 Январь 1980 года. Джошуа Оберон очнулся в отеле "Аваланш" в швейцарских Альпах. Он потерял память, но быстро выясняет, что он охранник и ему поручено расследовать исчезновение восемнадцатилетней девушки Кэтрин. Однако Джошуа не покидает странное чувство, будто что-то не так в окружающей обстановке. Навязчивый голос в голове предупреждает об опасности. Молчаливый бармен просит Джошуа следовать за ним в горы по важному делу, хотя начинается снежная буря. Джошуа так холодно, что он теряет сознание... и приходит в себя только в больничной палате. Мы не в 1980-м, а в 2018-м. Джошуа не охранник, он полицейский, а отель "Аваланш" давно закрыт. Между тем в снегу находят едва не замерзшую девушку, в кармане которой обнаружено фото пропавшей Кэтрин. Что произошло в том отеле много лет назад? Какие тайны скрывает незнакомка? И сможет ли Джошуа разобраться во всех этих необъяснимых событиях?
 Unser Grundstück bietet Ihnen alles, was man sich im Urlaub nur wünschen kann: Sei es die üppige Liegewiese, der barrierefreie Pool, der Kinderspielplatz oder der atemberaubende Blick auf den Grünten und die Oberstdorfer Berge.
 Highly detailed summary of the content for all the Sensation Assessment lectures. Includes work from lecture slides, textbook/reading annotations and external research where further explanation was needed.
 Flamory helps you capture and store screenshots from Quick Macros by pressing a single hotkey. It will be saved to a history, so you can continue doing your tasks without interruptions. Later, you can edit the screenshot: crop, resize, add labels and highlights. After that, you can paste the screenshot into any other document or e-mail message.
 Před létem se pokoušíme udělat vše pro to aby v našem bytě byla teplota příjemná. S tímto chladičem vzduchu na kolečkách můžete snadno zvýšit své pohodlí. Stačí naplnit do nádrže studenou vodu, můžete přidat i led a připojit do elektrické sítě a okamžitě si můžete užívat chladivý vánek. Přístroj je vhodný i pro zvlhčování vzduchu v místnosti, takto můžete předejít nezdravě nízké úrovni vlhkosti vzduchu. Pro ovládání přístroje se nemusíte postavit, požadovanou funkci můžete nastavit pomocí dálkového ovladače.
--
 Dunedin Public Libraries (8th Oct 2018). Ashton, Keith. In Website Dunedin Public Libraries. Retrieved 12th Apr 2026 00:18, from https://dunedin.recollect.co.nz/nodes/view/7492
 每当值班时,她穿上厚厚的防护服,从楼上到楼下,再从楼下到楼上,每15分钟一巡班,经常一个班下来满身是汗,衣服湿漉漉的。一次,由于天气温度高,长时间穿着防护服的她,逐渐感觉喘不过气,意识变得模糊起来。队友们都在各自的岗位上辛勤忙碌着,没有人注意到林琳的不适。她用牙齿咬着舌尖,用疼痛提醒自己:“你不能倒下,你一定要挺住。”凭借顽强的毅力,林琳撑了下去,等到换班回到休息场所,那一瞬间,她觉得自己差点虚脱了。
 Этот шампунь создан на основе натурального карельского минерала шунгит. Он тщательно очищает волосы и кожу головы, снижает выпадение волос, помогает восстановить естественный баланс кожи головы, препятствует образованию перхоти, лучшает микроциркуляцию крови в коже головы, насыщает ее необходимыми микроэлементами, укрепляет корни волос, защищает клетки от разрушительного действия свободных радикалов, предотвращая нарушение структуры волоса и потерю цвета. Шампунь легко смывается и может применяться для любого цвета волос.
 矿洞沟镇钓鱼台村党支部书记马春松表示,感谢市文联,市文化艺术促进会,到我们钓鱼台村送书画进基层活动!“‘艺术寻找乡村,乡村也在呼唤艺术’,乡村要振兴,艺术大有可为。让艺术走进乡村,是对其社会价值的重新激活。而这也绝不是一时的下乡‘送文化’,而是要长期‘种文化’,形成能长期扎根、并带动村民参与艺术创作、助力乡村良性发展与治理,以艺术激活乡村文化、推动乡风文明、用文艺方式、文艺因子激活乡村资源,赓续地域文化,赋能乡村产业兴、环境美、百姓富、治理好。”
--
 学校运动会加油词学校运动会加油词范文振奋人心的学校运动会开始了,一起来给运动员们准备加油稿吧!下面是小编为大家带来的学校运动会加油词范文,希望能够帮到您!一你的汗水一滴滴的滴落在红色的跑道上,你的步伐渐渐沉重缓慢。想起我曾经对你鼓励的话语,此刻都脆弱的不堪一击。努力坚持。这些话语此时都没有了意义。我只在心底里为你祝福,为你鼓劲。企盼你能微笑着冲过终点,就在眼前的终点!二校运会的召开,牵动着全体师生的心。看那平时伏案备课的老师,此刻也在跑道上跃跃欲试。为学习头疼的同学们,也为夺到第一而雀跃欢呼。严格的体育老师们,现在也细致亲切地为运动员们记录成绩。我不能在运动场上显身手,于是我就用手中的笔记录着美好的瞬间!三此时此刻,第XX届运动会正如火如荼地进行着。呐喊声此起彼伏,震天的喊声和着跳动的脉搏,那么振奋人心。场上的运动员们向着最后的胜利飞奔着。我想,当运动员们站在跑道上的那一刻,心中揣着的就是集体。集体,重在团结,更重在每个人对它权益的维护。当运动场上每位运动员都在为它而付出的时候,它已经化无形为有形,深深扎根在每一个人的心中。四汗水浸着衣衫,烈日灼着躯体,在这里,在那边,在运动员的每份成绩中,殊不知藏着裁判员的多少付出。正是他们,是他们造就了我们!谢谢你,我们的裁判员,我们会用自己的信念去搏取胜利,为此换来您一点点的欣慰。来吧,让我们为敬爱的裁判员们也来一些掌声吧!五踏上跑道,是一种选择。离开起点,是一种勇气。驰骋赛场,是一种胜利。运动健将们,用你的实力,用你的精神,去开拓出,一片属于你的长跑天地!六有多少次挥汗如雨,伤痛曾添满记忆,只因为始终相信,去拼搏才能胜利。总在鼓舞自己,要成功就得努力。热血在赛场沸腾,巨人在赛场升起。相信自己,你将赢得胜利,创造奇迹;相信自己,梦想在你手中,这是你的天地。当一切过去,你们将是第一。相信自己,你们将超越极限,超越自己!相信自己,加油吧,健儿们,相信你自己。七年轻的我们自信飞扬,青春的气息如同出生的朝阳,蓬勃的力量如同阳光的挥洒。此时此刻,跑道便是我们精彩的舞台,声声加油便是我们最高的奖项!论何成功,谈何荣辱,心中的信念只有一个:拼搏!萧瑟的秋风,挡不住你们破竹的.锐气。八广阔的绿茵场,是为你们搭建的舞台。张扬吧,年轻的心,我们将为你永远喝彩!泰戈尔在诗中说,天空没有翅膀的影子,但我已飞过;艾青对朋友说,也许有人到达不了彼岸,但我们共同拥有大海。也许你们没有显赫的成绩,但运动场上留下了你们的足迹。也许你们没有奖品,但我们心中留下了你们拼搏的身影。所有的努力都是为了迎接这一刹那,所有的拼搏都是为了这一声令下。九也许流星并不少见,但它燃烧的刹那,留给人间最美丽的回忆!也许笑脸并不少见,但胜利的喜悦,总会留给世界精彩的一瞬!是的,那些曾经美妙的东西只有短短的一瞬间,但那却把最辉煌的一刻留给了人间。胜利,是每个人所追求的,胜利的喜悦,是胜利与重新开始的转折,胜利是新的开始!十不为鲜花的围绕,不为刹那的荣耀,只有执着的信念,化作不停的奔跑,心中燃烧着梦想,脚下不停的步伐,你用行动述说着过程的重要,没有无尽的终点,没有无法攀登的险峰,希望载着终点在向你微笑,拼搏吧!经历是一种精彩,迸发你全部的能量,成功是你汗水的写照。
--
# WHAT THE EXERCISE ASKS
Copy the entries above exactly, but only from the line holding "Этот шампунь создан" through the line holding "矿洞沟镇钓鱼台村党支部书记马", both included.

# TASK SOLUTION
 Этот шампунь создан на основе натурального карельского минерала шунгит. Он тщательно очищает волосы и кожу головы, снижает выпадение волос, помогает восстановить естественный баланс кожи головы, препятствует образованию перхоти, лучшает микроциркуляцию крови в коже головы, насыщает ее необходимыми микроэлементами, укрепляет корни волос, защищает клетки от разрушительного действия свободных радикалов, предотвращая нарушение структуры волоса и потерю цвета. Шампунь легко смывается и может применяться для любого цвета волос.
 矿洞沟镇钓鱼台村党支部书记马春松表示,感谢市文联,市文化艺术促进会,到我们钓鱼台村送书画进基层活动!“‘艺术寻找乡村,乡村也在呼唤艺术’,乡村要振兴,艺术大有可为。让艺术走进乡村,是对其社会价值的重新激活。而这也绝不是一时的下乡‘送文化’,而是要长期‘种文化’,形成能长期扎根、并带动村民参与艺术创作、助力乡村良性发展与治理,以艺术激活乡村文化、推动乡风文明、用文艺方式、文艺因子激活乡村资源,赓续地域文化,赋能乡村产业兴、环境美、百姓富、治理好。”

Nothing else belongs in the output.